Sider’s volume has been severely criticized by many conservative evangelicals (including me on a few occasions). But I have also read his volume and strongly urged many others to read it. It is a good book, and one that needs to be read because it deals head-on with the most serious problem facing the Christian church today.

Not long ago I was invited to speak at a retreat for evangelical university students. They asked me: What is the greatest problem facing the church today? Without any hesitation I answered: It is not what you might expect me to say. It is not liberalism or neo-orthodoxy or wrong views of revelation or inspiration or other controversial points in theology (the sort of topics, incidently, I spend most of my time talking and writing about). Nor is it the sort of problems you hear discussed daily in your university classes in sociology. It’s not that these issues are unimportant or that Christians—including evangelical Christians—are uninterested in them. They are important, and we are deeply concerned about them. I hope we are concerned enough to be willing to do something about them. But these definitely do not constitute the overriding problems of the evangelical church today—not as I observe it in North America and Western Europe.

The Pressing Problem

The most serious problem facing today’s church is materialism—materialism not as a philosophical theory, but as a way of life. Serious Christians, of course, will not admit their commitment to materialism. The Bible is so diametrically opposed to it that to profess it and to profess Christianity in one breath is patently absurd. But to profess Christianity and follow a materialistic lifestyle does not appear to be absurd. It seems to be “normal” church life and is, indeed, extraordinarily respectable.
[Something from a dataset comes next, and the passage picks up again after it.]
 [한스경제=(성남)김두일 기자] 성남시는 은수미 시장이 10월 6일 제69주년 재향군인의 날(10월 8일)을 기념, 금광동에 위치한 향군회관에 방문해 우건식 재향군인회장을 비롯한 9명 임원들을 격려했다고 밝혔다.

That is why Ron Sider’s message needs to be heard and heeded by the evangelical church today. We may not agree with his analysis of the causes of the world’s ills or with all his proffered solutions. I don’t. But no Christian dare ignore his main point. We are our brothers’ keepers. It is our God-given moral duty to seek, as best we can, to meet their needs.

Naturally I cannot evaluate with any accuracy all the intricate causes of poverty and human suffering. I certainly don’t know the remedies. I am quite sure many of the simple cures for poverty are nonsense. For example, I don’t think a straightforward share-the-wealth program is called for. Nor will ever-larger government handouts solve the problem. They only enslave the poor to perpetual poverty.
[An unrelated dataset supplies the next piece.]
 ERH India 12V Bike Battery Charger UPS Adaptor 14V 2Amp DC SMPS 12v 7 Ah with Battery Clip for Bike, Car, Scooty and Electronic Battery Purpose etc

Without suggesting for a moment every Christian must do the same, I know certain things are right, and I can do them. I can set my lifestyle a mite below the average in my community. The money I do spend, I can use for truly worthwhile things and not for items that gratify pleasure at the expense of my moral and spiritual growth. I can contribute a minimum of one-tenth of my income to causes directly related to God’s kingdom and not to general charity. To the extent of my ability, I can help out those I see to be in need even if it requires that I make some significant sacrifices. I can vote for just governments, honest administrators, and laws that prevent the exploitation of the innocent, the handicapped, and the powerless. And I can seek to find helpful ways of serving others.

I have profited by reading Sider’s book. He has forced me to think of better ways for Christians who must serve those who have not. And thus I learn by bearing “one anothers burdens to fulfill the law of Christ” (Gal. 6:2).